■ **Assigned task**: Type out the whole listing again exactly, pictures omitted.

*** Dataset content Section Begins ***

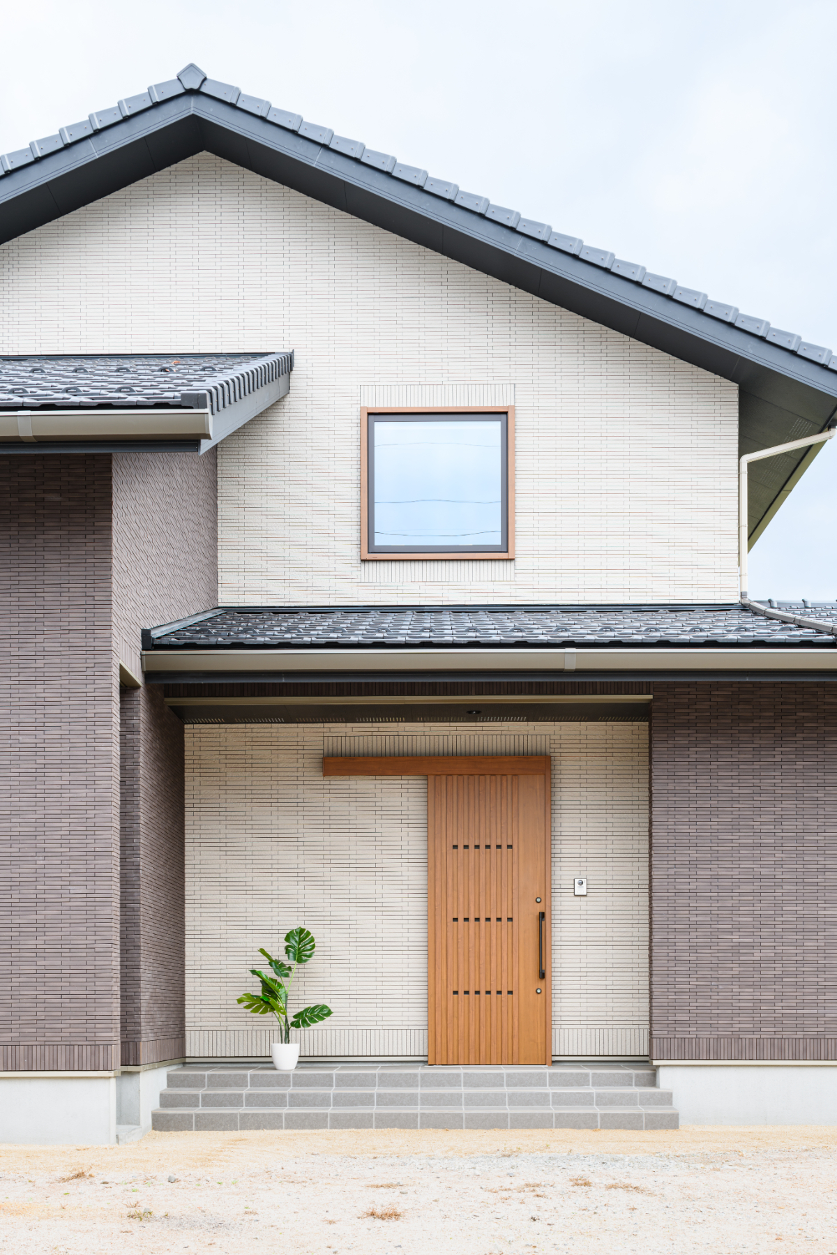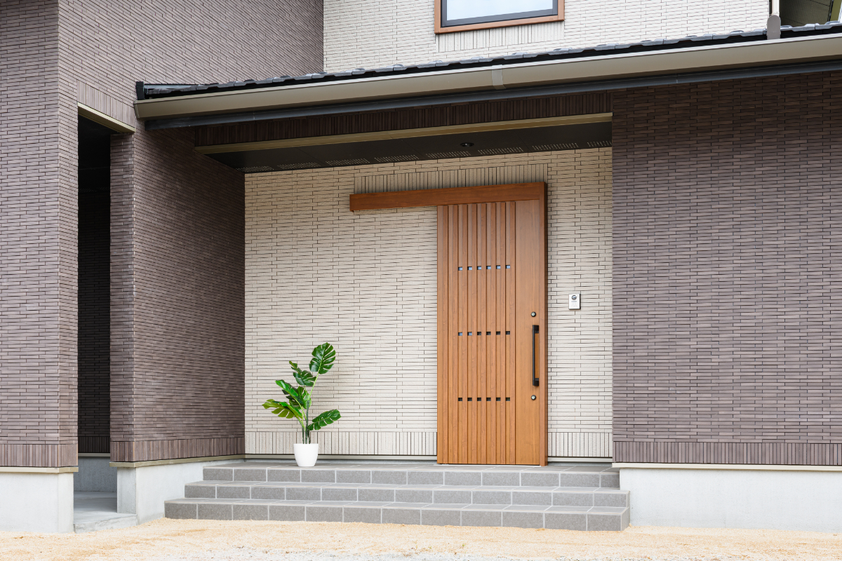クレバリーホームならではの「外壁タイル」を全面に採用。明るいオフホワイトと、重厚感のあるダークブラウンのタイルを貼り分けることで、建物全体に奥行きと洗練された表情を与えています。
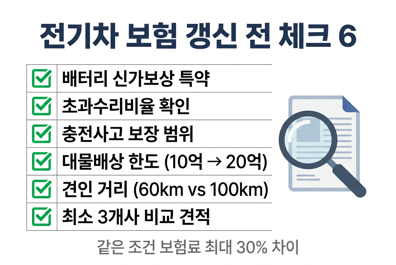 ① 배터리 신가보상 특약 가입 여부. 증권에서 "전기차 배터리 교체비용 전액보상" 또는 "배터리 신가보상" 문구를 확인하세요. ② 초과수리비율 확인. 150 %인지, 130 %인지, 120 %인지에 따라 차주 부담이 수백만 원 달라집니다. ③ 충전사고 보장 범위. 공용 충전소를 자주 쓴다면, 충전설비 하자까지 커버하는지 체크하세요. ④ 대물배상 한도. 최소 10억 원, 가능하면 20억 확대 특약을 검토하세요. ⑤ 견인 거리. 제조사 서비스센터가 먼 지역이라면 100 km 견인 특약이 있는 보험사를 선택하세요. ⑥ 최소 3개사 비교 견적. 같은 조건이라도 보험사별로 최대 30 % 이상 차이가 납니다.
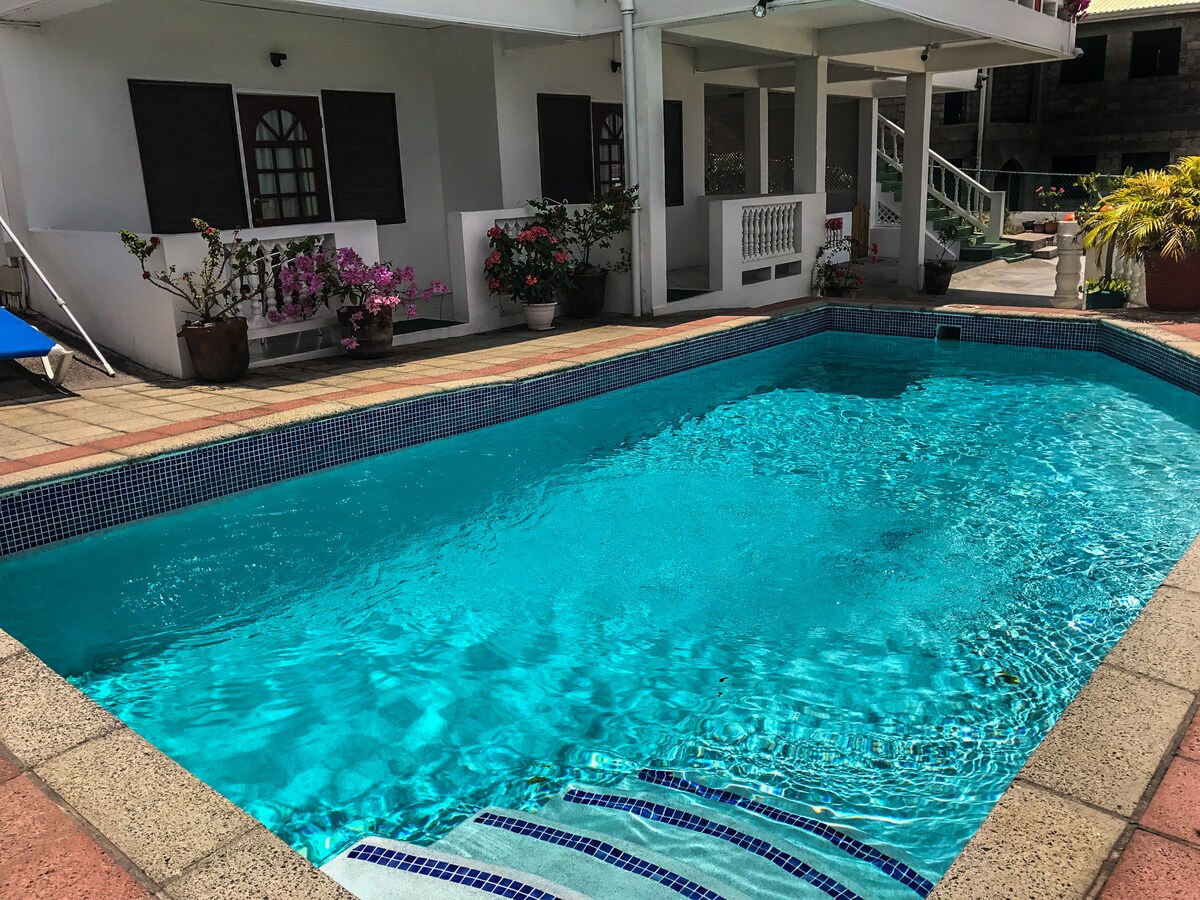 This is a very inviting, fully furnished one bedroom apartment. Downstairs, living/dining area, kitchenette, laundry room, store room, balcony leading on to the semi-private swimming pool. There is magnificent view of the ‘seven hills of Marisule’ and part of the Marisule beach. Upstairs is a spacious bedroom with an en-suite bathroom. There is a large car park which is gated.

*** Dataset content Section Ends ***

■ **Answer section**:
クレバリーホームならではの「外壁タイル」を全面に採用。明るいオフホワイトと、重厚感のあるダークブラウンのタイルを貼り分けることで、建物全体に奥行きと洗練された表情を与えています。
 ① 배터리 신가보상 특약 가입 여부. 증권에서 "전기차 배터리 교체비용 전액보상" 또는 "배터리 신가보상" 문구를 확인하세요. ② 초과수리비율 확인. 150 %인지, 130 %인지, 120 %인지에 따라 차주 부담이 수백만 원 달라집니다. ③ 충전사고 보장 범위. 공용 충전소를 자주 쓴다면, 충전설비 하자까지 커버하는지 체크하세요. ④ 대물배상 한도. 최소 10억 원, 가능하면 20억 확대 특약을 검토하세요. ⑤ 견인 거리. 제조사 서비스센터가 먼 지역이라면 100 km 견인 특약이 있는 보험사를 선택하세요. ⑥ 최소 3개사 비교 견적. 같은 조건이라도 보험사별로 최대 30 % 이상 차이가 납니다.
 This is a very inviting, fully furnished one bedroom apartment. Downstairs, living/dining area, kitchenette, laundry room, store room, balcony leading on to the semi-private swimming pool. There is magnificent view of the ‘seven hills of Marisule’ and part of the Marisule beach. Upstairs is a spacious bedroom with an en-suite bathroom. There is a large car park which is gated.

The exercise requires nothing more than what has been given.